Воду? Из нашей колонки? Н-да. Везденецкий понял, что вторжение немцев ожидаемо привело к сегрегации, с которой начался холокост евреев. Всё же, германская машина пропаганды способна даже святое, — детей, — превратить в бездушную машину для убийства. Очевидно, мальчишку хотели утопить, и, судя по всему, для маленьких немцев смерть русского являлась предметом гордости.
— Молодец, герр Вагнер! — по-взрослому отсалютовал Везденецкий, и Герман не удержался от гордой улыбки. — Рейх отметит твой подвиг. Но позволь мне разобраться с нарушителем. Это работа взрослых.
— Яволь! — ответил Герман.
Герман Вагнер, значит? Либо это занятное совпадение, либо пацан был сыном самого коменданта Вагнера.
— Напомни, где ты живешь? — спросил Везденецкий, пристально взглянув Герману в глаза. — Я должен убедиться, что ты не шпион, и что сможешь без запинки назвать адрес.
— Гитлер-Штрассе 80! — отчеканил Герман.
Ага. Значит, Вагнер-старший засел в парке имени Максима Горького. Именем Гитлера могли назвать только проспект Карла Маркса, ну, или Донецкую улицу. Точную дату переименования Везденецкий не помнил.
— Можешь идти. И если ты ничего не скажешь отцу, я позабочусь о том, чтобы ты получил железный крест.
— Яволь! — Герман от счастья чуть ли не заплакал. Он поманил за собой Тощего и Толстого, и гордой походкой победителя зашагал прочь с набережной.
— Тьфу! — Везденецкий сплюнул на снег, не удержался. — Сами ироды, и детей таких же воспитывают.

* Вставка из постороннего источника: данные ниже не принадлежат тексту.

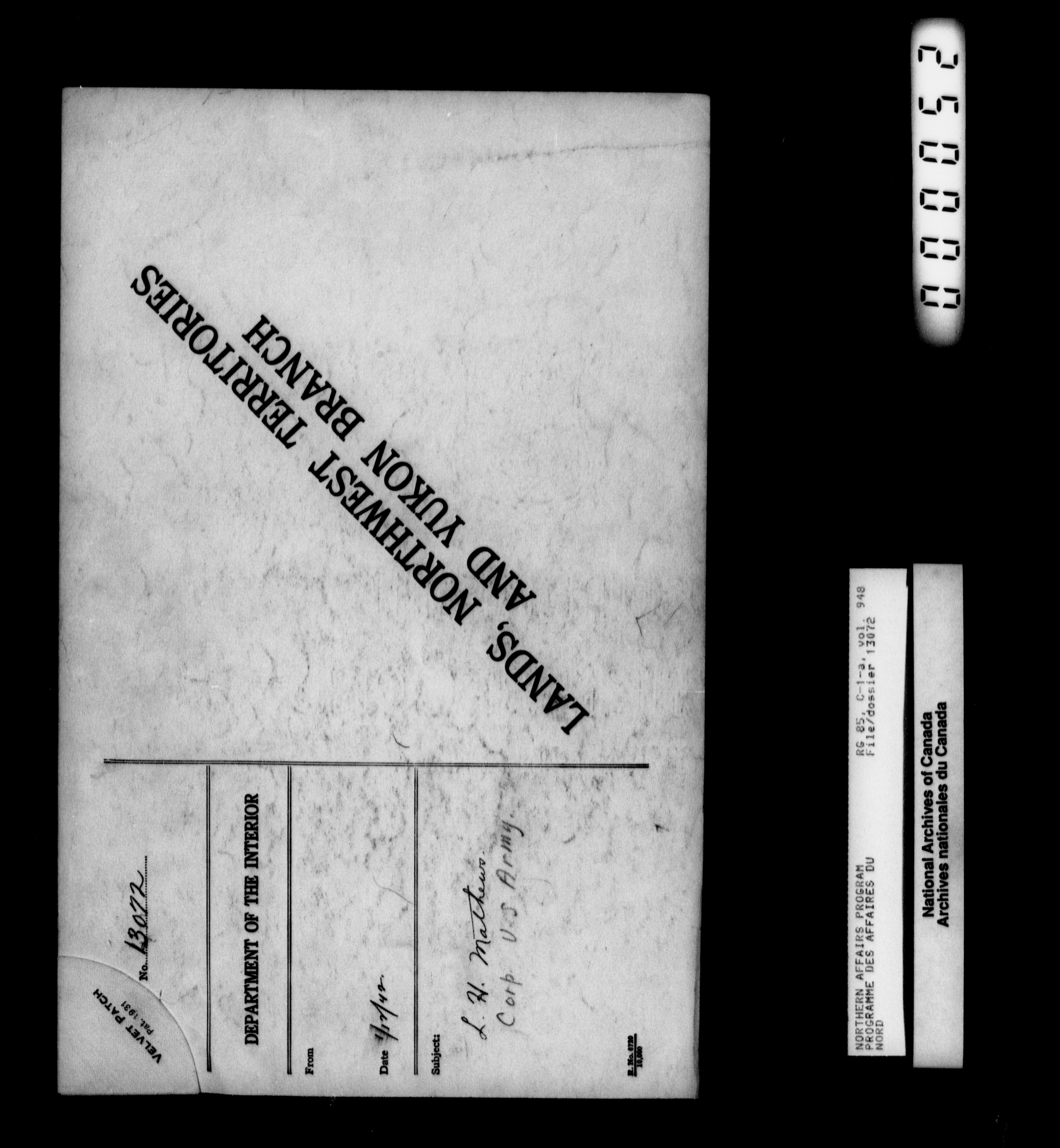 Department of Indian Affairs : Northwest Territories and Yukon Branch, Central Registry files - 13947

— Дядь? — Мишка опешил, услышав чистую русскую речь. — Вы меня накажете? У меня просто во рту пересохло, дядь, — всхлипнул Мишка. — Я больше не буду.
— Спокойно, пацан. А ну, вытри сопли. Советский солдат должен быть смелым. Лучше скажи…. — Везденецкий огляделся и встал перед Мишкой на одно колено, чтобы говорить с ним на равных. — Тебя как зовут? Что с мамкой твоей? С папкой что? Где вы сейчас живете?
— Мишей меня звать…. Папка умер на фронте, — с грустью ответил Мишка, утерев кулаком нос. — Мама работает у какого-то немца. Ей там плохо. Она не любит этого немца. А немцы не любят нас. Нам всем тут плохо.
— Не переживай. Недолго фрицам осталось вам кровь портить, — Везденецкий положил ладонь Мишке на плечо. — Иди домой, Миха. Переулками. Солдатам не попадайся и никому ничего не говори.
— Спасибо, дядь, — сказал Мишка.
И они расстались.
Везденецкий глядел Мишке в след и думал, что мальчику сломали детство. Везденецкий сам рос в Каменске, хорошо помнил этот город. Тут у него были друзья, с которыми он проникал на стройку и исследовал этажи, рискуя свалиться и сломать себе шею. Увы, но немец лишил Мишку возможности быть ребёнком. Немец сделал его рабом.
Везденецкий вернулся в лес, и, пробираясь через буреломы, добрался до маленького лагеря, спрятанного за кольцом деревьев. Километрах в пяти от берега Северского Донца. Под навесом из еловых ветвей разлеглись Катя с Аней, отдыхали после утомительного ночного перехода. Митя достал из ящика с немецкими маркировками банку тушенки, вскрыл ножом и принялся с аппетитом поедать. Привалов и Леха расселись на пнях у небольшого костра, грея руки над слабо трепетавшем пламенем.